Bonsai Tree Physiology

Photosynthesis – Bonsai trees and plants in general, use light energy from the sun to convert carbon dioxide and water into glucose and oxygen. This process is called photosynthesis and without “it” there would be no “us”, so in a very real sense, bonsai is life! Photosynthesis takes place in the green parts of trees and plants, the leaves. The green color of leaves comes from the chlorophyll molecules in the chloroplasts.

Chloroplasts - Chloroplasts contain the essential life-giving photosynthetic pigments. Each chloroplast is like a tiny carbohydrate factory and out of this little factory comes the food for the plant, or bonsai tree, and practically every other living thing on earth - including you and me. Carbohydrates create more than is needed to perform the photosynthesis process and this "excess" carbohydrate material gets converted into starch. (An important carbohydrate is sugar or glucose - a basic fuel and building material for much of life. 

Starch – Trees and plants turn this "excess" carbohydrate material into starch and store it for later use. The peak of starch content, in plants, usually occurs around the middle of the afternoon.
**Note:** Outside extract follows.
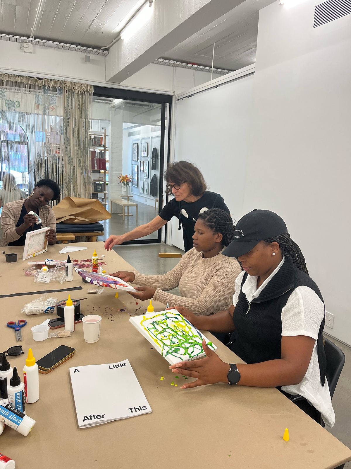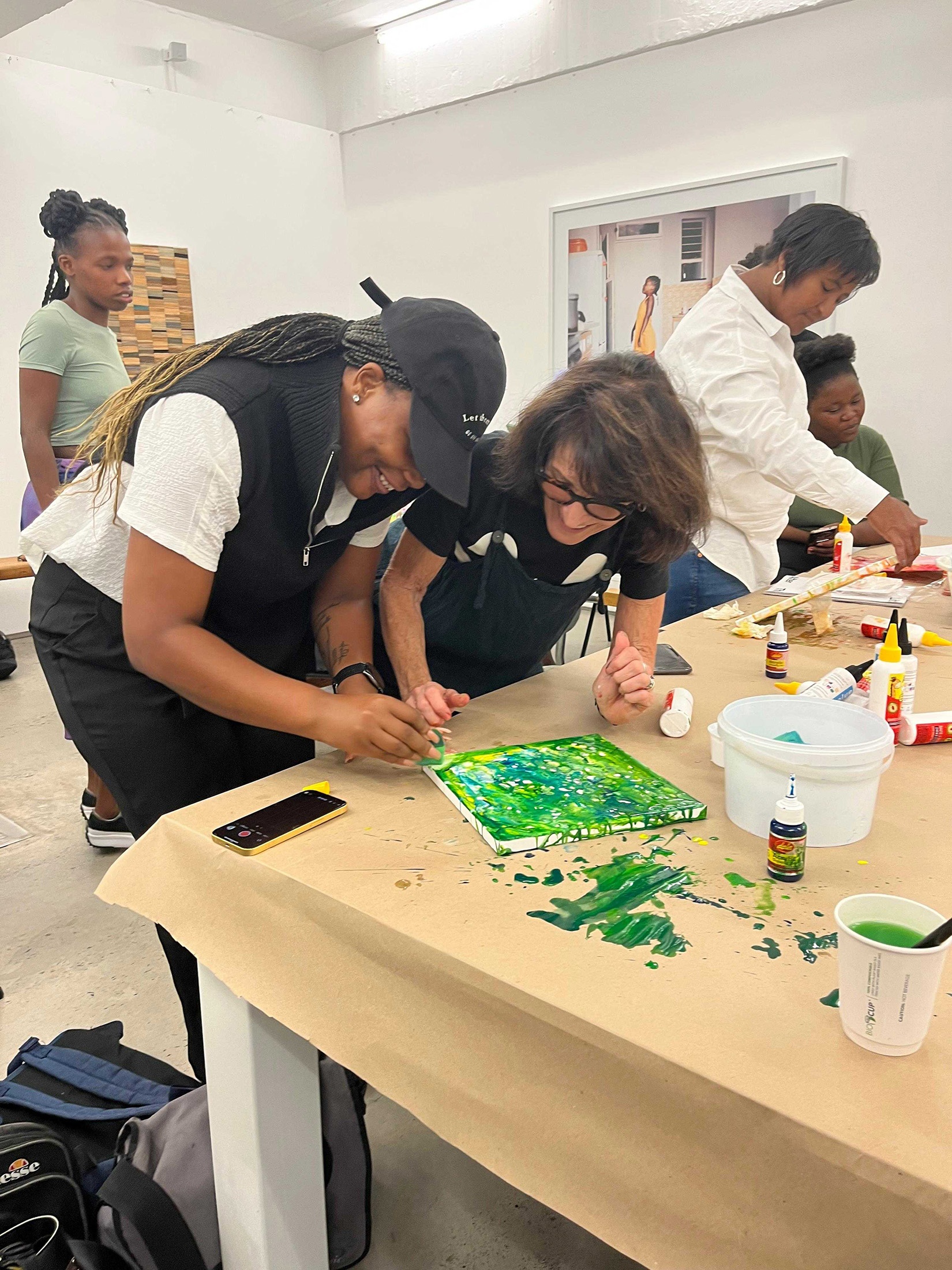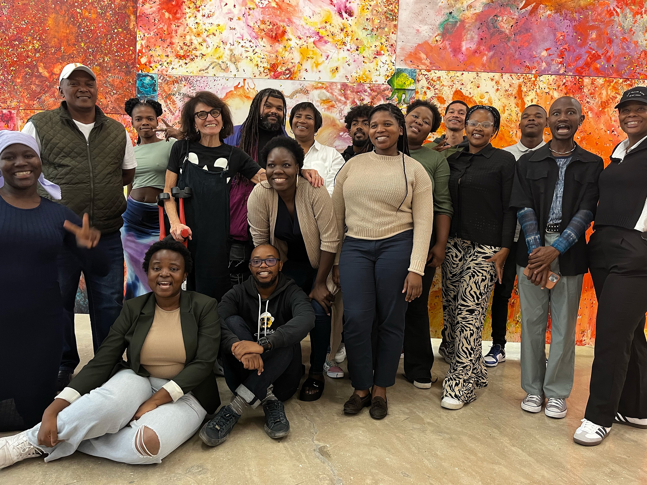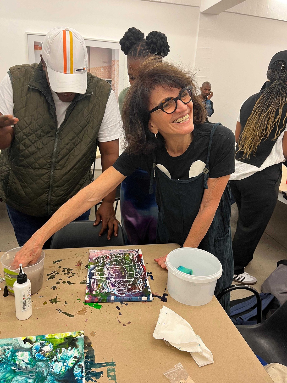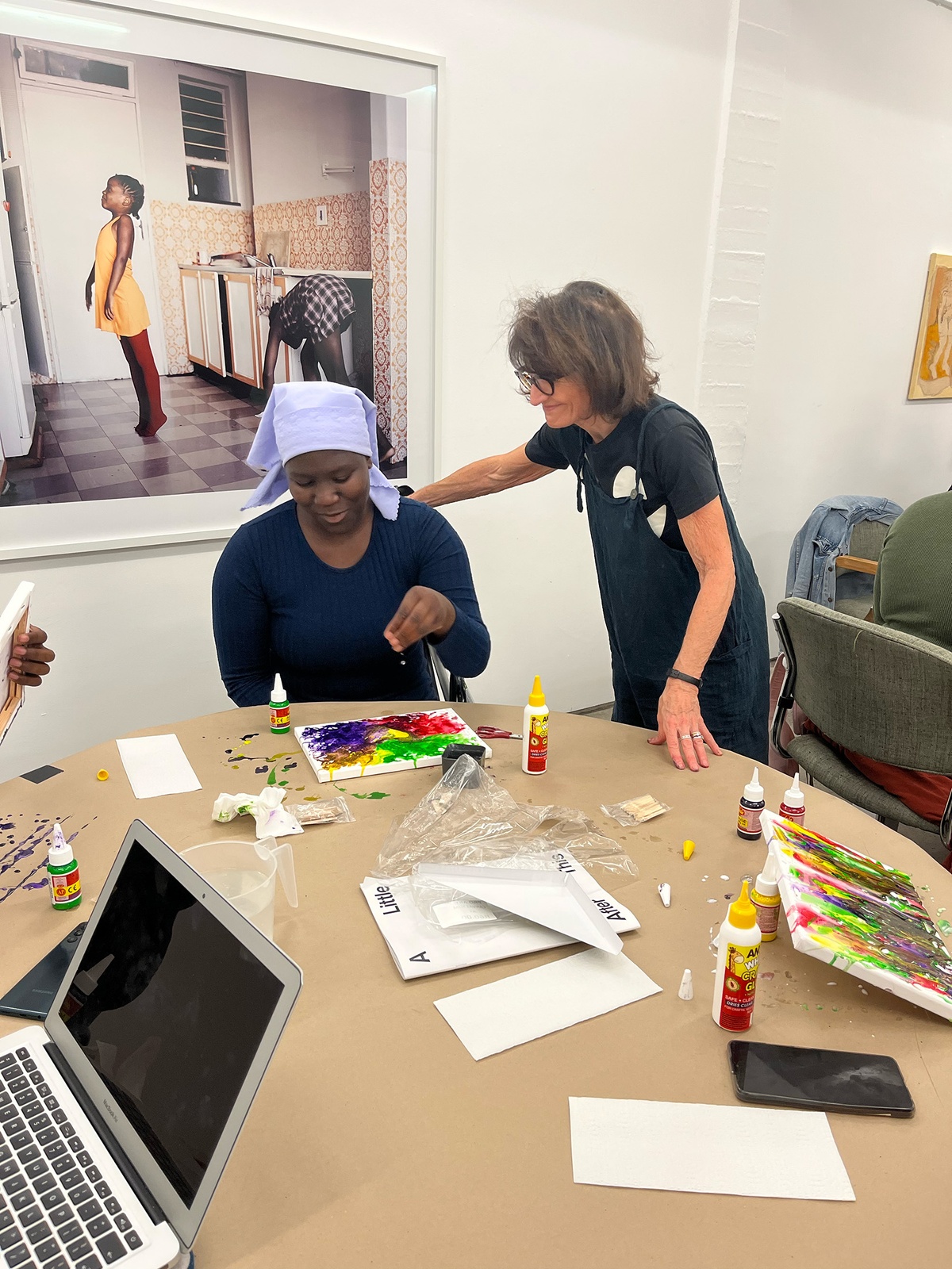 Lalela’s educators work year round to facilitate the educational and emotional needs of the learners in their care. With the wellbeing of these teachers and their professional development in mind, we invited them to join a workshop with Penny Siopis on the occasion of A Little After This. Siopis created a nurturing environment in which to experiment with methods the artist has developed in her own work. Equipped with craft glue, ink, water, sponges, and canvas, Siopis encouraged Lalela’s facilitators to collaborate with their mediums, entering into a conversational engagement with their tools when guiding the glue to pool on the canvas, following the emergent shape within the ink, and sensing form and letting it arise. Emphasising the aliveness of materials, while encouraging the educators to remain open to the process, Siopis eschewed any impulse towards viewing any move as ‘wrong’, rather looking towards trust and improvisation, in this way imparting ways of learning as well as core technical skills that could be added to educators’ teaching toolkits. For Lalela, “Siopis’s wisdom resonated deeply with our facilitators as she emphasised the importance of embracing an open and exploratory process in art.”

By using enzymes the plant slowly turns the insoluble starch back into sugar or glucose, which is then dissolved and passes into the phloem to be moved throughout the plant by osmosis (the loss of water molecules from the leaves of a plant, Transpiration, creates an osmotic gradient, which produces tension that pulls water upward from the roots and throughout the tree). These vital processes continue right on through the night, making room in the leaf for the next day's life-giving photosynthetic process.

Xylem - The xylem is the principal water-conducting tissue of vascular trees and plants. The xylem also takes part in food storage and the conduction of vital minerals to the leaves. Together the xylem and phloem form a continuous system of vascular tissue extending throughout the plant.

Phloem - The phloem is the portion of the vascular system in plants, consisting of living cells arranged into elongated tubes, that transports sugar and other organic nutrients throughout the plant. The phloem is the principal food-conducting tissue of vascular plants.

Transpiration - Transpiration is the process of water loss from trees and plants through stomata. Transpiration occurs when stomata open in a humid surrounding and close when it is dry. Stomata - are small openings found on the underside of leaves and are connected to vascular plant tissues. Transpiration is a passive process, largely controlled by the humidity of the atmosphere and the moisture content of the soil. Transpiration also transports nutrients from the soil into the roots and carries them to the various cells of the plant.